The structure broker negotiates a better split for himself by whining to a settlement planner representing the defense settlemnet planner that he's got to take care of the financial planner who brought him into the case to participate for the plaintff instead of the settlement planner already working on he case that was brought in by the plaintiff lawyer. Moreover it is represented that any split percentage would have to be agreeable to the financial planner. He represents to the defense settlement planner that a higher percentage would not be agreeable to the financial planner and that the whole structure might fall part. In good faith, the defense settlement planner relies on this and agrees to a lower split than usual. As an aside, the defense settlement planner also agrees to split his reduced share with a previous plaintiff broker out of his share.
It is then learned that the financial planner represents to the guardian ad litem that it is not being compensated from the structure.
When questioned by plaintiff lawyer in a courthouse hallway, in front of witnesses, plaintiff broker unconvincingly mumbles that there is no formal agreement with financial planner and would only pay it if licensed. During questioning by the defense settlement planner, in contradiction to the tactic used to negotiate his favorable split, plaintiff broker now claims that he hasn't discussed commissions with the financial planner since September 2010. The conversation also reveals that the plaintiff broker knows that the financial planner is licensed in the relevant states, a contradiction to what he said to the plaintiff's lawyer only minutes earlier in the hallway. Furthermore, in the same conversation,the payment of commissions to the financial planner is stated as possibly a conflict of interest by the same plaintiff broker. Talk about the Texas two-step!
Who is telling the truth? The financial planner; the structure broker brought in by the financial planner; or neither?
The young turk in question may feel smug for an illusory feeling that he has got over a more experienced broker and the guardian ad litem . But to do so through apparently deceptive means is shameful. The parties in question know who this individual is and the agency he's affiliated with. One can be sure some attorneys in the jurisdiction won't forget him either.
If you are going to negotiate, do so in good faith.
Note: Generally, you cannot split with or pay commissions to someone not properly licensed at the time the business is produced. On February 23, 2005 the Office of General Counsel of the New York State Insurance Department issued an opinion on point, in response to a question posed by the structured settlement watchdog, John Darer.
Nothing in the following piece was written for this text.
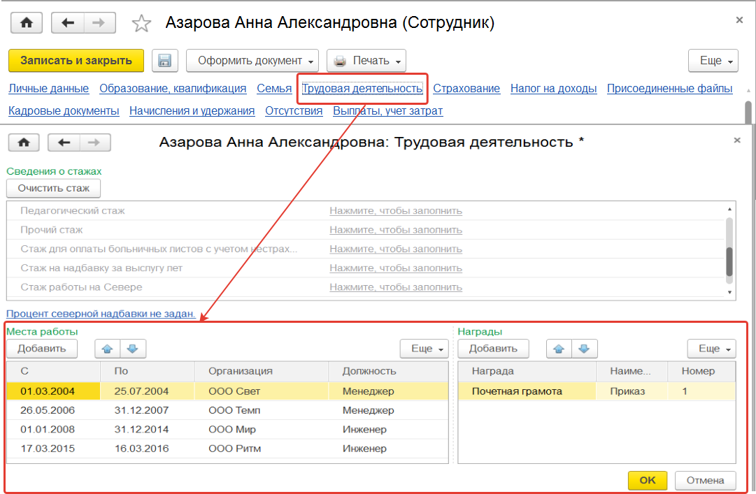 Трудовая деятельность". Раздел "Награды" заполняется сведения о полученных наградах и поощрениях.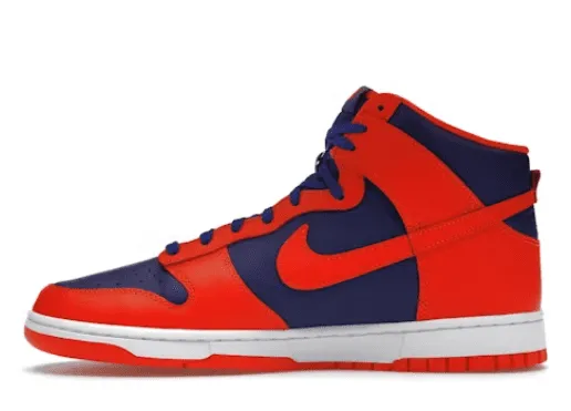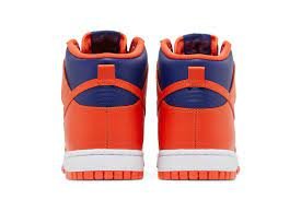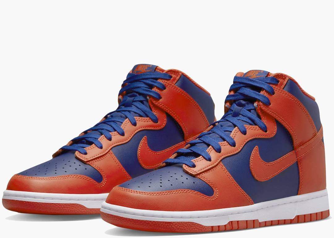 De Nike Dunk High “Knicks” is geïnspireerd op de iconische kleuren van het basketbalteam New York Knicks. Deze sneakers hebben een combinatie van feloranje en diepblauw, met een bovenwerk van hoogwaardig leer. Het ontwerp wordt gekenmerkt door oranje details op de neus, hiel en tong, terwijl blauw de zijpanelen en het merk Nike Swoosh domineert. De witte zool en rubberen tussenzool maken de look compleet en bieden een strak en klassiek contrast. De Nike Dunk High “Knicks” wordt gewaardeerd om zowel zijn sportieve aantrekkingskracht als zijn gedurfde en stedelijke stijl.

Post Script: In response to this story the structured settlement watchdog heard from the general agent of the broker in question. He verbally confirmed that the financial planner WAS being paid, or WILL be paid a share of the structure commission all along. With respect to the statement to the guardian ad litem, it was explained that the financial planner listed 4 entities in an email to the guardian ad litem that were not receiving compensation from the structure, none of which was his firm, and thus leaving wiggle room. The general agent threw it back on the shoulders of the guardian ad litem, who he alleged did not ask if the financial planner or his firm was being compensated. I'm not sure why there was lack of transparency, or the reason for the lack of transparency, and why the broker retained by the financial planner could not have been more forthright when questionned. There's a lesson learned in here somewhere.